STOWE BEAGLES IN THE 1980S

John Thornton, known to everyone as Nat, spent over 35 years working at Stowe together with his wife Ann, who worked in the Medical centre caring for sick Stoics. They arrived in 1973 and initially Nat looked after the Beagles and also tended the Headmaster’s garden. They lived in the West Boycott Pavilion. At that time, Robert Drayson was the Headmaster but when he left in 1979, Nat started full time as Kennel Huntsman and improved the pack considerably. Nat is enjoying his retirement and still has very strong links to the Stowe Beagles. Nat and Ann’s daughter, Sue, who works at Stowe, has dug out an impressive collection of photographs of the Stowe Beagles in the 1970s and 1980s, which has inspired this article.

Beagling at Stowe in the early eighties was an especially popular activity and there was fierce competition for the honour of wearing a green coat as a whipper-in or Master and Huntsman. Much of the credit for this must go to the Kennel Huntsman, a former factory worker from Rugby, Nat. He was a brilliant and long-suffering mentor who maintained the highest standards and understood exactly the right balance between allowing us boys leeway and intervening in time to avert disaster both on and off the hunting field. I know Nat’s patience was sorely tested many times. Although we didn’t see him so often, Anthony Pedder also assisted behind the scenes as the member of staff in charge of beagling.

Hunting twice a week across the glorious Buckinghamshire countryside was only possible thanks to the generosity of our farming hosts, and the dedicated support offered by many outsiders. These included a canny old-fashioned countryman we all knew as Bossie, and John Brinklow, a builder who helped Nat keep boisterous boys on the straight and narrow during annual visits to the Northumberland Beagling Festival in early September. During winter and spring terms we travelled to meets every Tuesday and Saturday in a 16-seater van, although it was necessary to lay on a second, additional vehicle for the most popular fixtures. Unsurprisingly, these were usually wherever a lavish (and occasionally alcohol infused) hunting tea awaited at the end of the day. There was no let up during summer, for Nat encouraged us to show the Beagles at major hound shows up and down the country and reasoned that winning classes at Peterborough and other prominent shows generated excellent public relations for the School.
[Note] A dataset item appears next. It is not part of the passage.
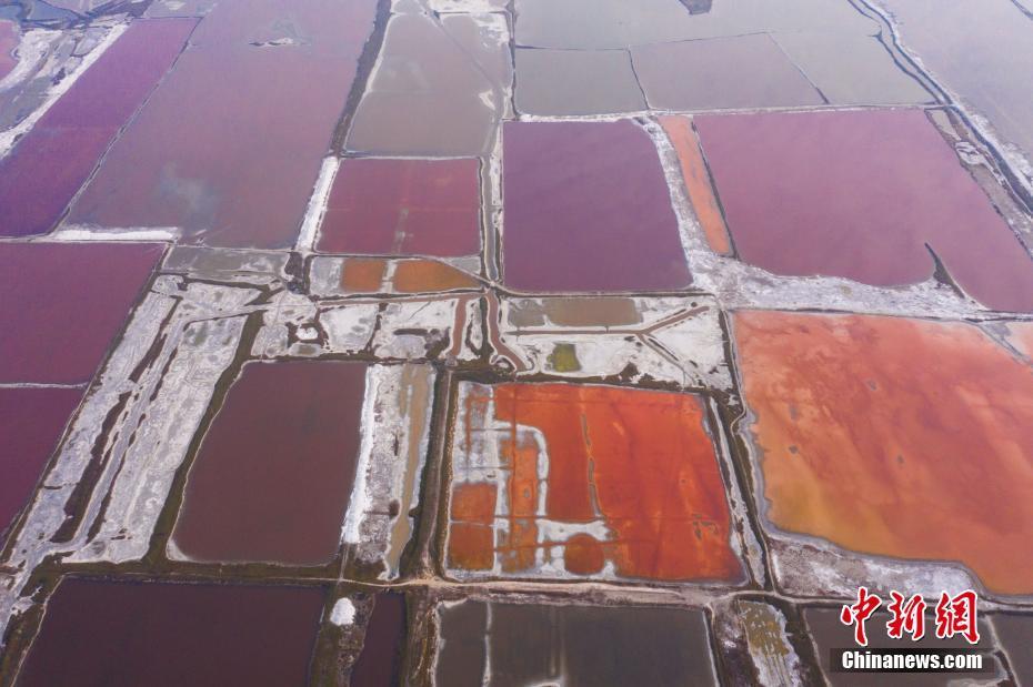 10月25日,山西运城,无人机航拍秋日盐湖,色彩绚丽美景独特。 中新社记者 武俊杰 摄

The boys also helped out with kennel duties at the Boycott Pavilions throughout the year, which included hound exercise (is there anywhere more beautiful to walk out a pack of hounds than the magnificent school grounds), feeding, cleaning out lodges and skinning fallen stock to feed the hounds. I was fortunate to hunt the Beagles in the 1980-81 season with Frank Houghton Brown (Temple 83) and the late Tom Bannister (Lyttelton 82) whipping-in, who both went on to make their mark in the wider hunting world. We enjoyed some outstanding hunts and I would relish the opportunity to read once more the detailed observations I made on each day’s sport in the canvas bound Stowe Beagles hunting diary that was handed down for successive generations of huntsmen to complete.

It was entirely thanks to assimilating hound management and hunting skills under Nat’s watchful eye that I was able to take on the mastership of a pack of foxhounds on Dartmoor six years after leaving Stowe, live at the kennels and singlehandedly look after the hounds. I was only one of many, for Stowe has furnished the hunting world with numerous successful masters of foxhounds before and since. These include the Wynnstay’s recently retired MFH, Richard Tyacke and the current master and huntsman of the prestigious Heythrop Hunt in Gloucestershire, Charles Frampton.

I’ve had the privilege of knowing hundreds of different foxhounds since my schooldays, but I will never forget our beloved beagles from nearly forty years ago. The lemon and white Starlight who won everything there was to win on the flags, the equally successful rangy, tricolour bitch Willow, and dear Winifred, a tan bitch with one eye who was a tireless hunter and as honest as the day is long. And then there was Roxburgh, whose photo with a hare’s pad clasped firmly between his teeth hangs in my office to this day – how we adored those wonderful hounds. None stood higher than 16 inches at the shoulder, but they are all giants in my mind’s eye.